Aim of the task: With the pictures omitted, print exactly the lines below, from the one containing "Воспитатели детского сада" through the one containing "This engagement ring", and nothing else.

Data supplied:
=====
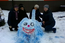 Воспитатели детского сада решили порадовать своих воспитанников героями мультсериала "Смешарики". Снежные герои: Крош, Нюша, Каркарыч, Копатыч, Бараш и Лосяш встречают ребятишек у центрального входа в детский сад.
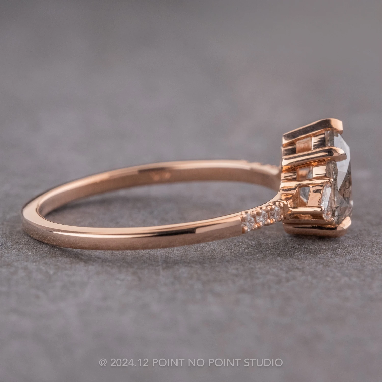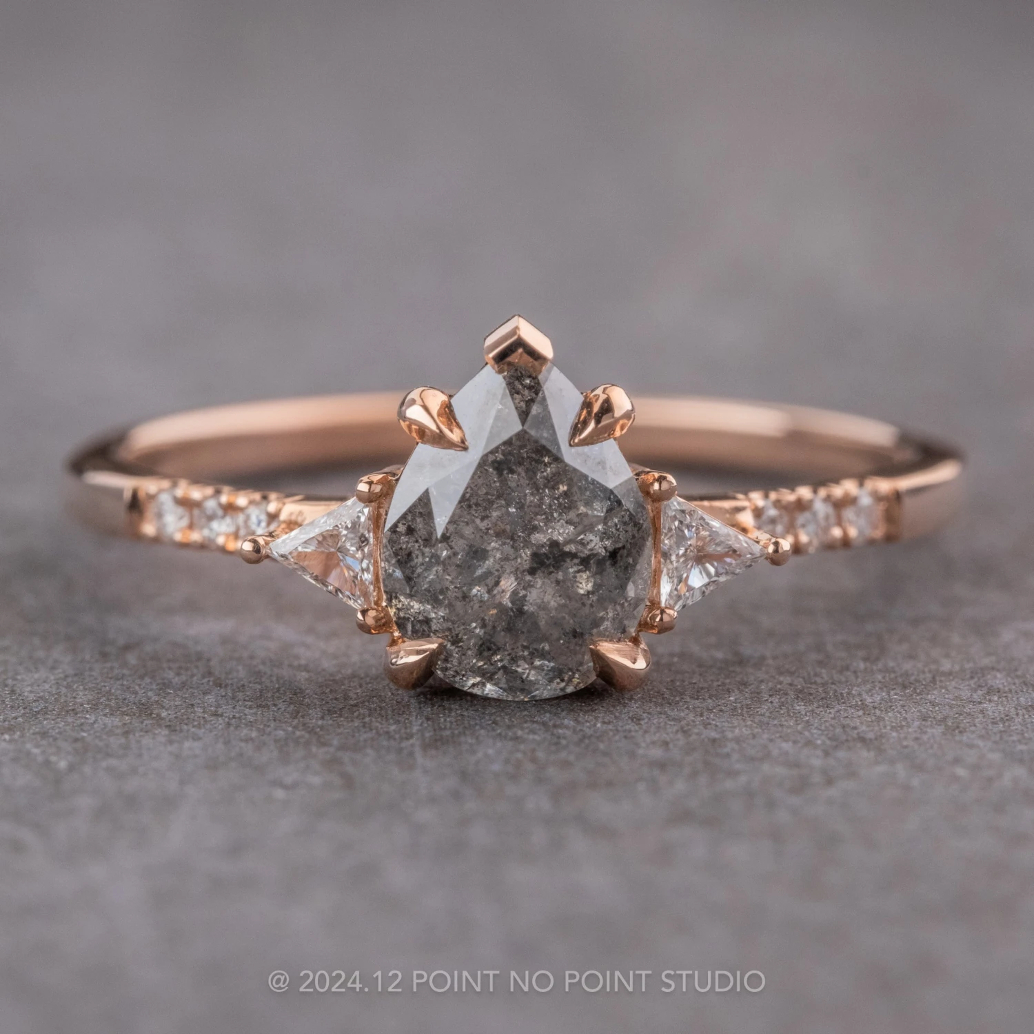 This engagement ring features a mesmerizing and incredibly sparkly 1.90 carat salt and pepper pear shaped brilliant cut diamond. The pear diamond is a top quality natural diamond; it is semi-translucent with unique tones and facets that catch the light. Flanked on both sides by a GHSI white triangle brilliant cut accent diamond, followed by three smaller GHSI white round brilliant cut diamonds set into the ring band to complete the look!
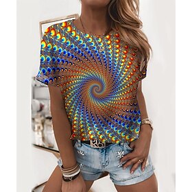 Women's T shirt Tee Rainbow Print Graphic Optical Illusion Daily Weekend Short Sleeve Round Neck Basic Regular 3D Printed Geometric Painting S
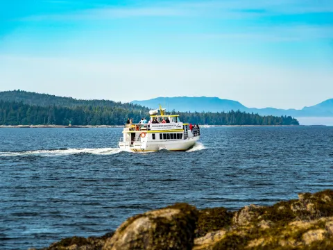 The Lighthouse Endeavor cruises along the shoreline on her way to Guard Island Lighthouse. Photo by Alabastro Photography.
=====
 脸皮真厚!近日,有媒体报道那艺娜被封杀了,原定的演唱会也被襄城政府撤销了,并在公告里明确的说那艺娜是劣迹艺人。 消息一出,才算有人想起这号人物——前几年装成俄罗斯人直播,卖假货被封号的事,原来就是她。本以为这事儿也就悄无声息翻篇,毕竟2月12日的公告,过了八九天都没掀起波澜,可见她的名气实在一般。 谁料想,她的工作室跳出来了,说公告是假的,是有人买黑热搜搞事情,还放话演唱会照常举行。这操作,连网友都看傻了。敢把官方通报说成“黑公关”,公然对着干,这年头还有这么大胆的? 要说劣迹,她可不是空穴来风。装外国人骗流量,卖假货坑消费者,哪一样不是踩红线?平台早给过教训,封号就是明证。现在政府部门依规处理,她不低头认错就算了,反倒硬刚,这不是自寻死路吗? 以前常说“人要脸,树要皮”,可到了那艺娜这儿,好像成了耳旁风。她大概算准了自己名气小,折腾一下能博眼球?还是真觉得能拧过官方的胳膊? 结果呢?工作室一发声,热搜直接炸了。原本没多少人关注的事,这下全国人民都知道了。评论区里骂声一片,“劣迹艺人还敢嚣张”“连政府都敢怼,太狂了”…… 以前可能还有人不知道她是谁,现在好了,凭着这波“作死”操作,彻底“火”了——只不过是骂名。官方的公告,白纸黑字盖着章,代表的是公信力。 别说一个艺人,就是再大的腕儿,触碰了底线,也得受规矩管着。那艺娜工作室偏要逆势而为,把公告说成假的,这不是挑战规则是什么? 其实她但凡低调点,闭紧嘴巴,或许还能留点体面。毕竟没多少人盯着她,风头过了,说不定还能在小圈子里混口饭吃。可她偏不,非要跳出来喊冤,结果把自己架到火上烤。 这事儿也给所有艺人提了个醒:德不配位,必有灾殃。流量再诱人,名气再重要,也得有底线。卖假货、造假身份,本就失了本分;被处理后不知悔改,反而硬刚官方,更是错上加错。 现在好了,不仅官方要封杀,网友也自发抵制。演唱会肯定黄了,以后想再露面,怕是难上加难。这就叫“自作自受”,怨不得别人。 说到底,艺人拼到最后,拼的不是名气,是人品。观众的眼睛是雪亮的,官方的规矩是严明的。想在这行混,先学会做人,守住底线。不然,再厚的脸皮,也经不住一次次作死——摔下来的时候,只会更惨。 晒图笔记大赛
=====
Completed task:
 Воспитатели детского сада решили порадовать своих воспитанников героями мультсериала "Смешарики". Снежные герои: Крош, Нюша, Каркарыч, Копатыч, Бараш и Лосяш встречают ребятишек у центрального входа в детский сад.
 This engagement ring features a mesmerizing and incredibly sparkly 1.90 carat salt and pepper pear shaped brilliant cut diamond. The pear diamond is a top quality natural diamond; it is semi-translucent with unique tones and facets that catch the light. Flanked on both sides by a GHSI white triangle brilliant cut accent diamond, followed by three smaller GHSI white round brilliant cut diamonds set into the ring band to complete the look!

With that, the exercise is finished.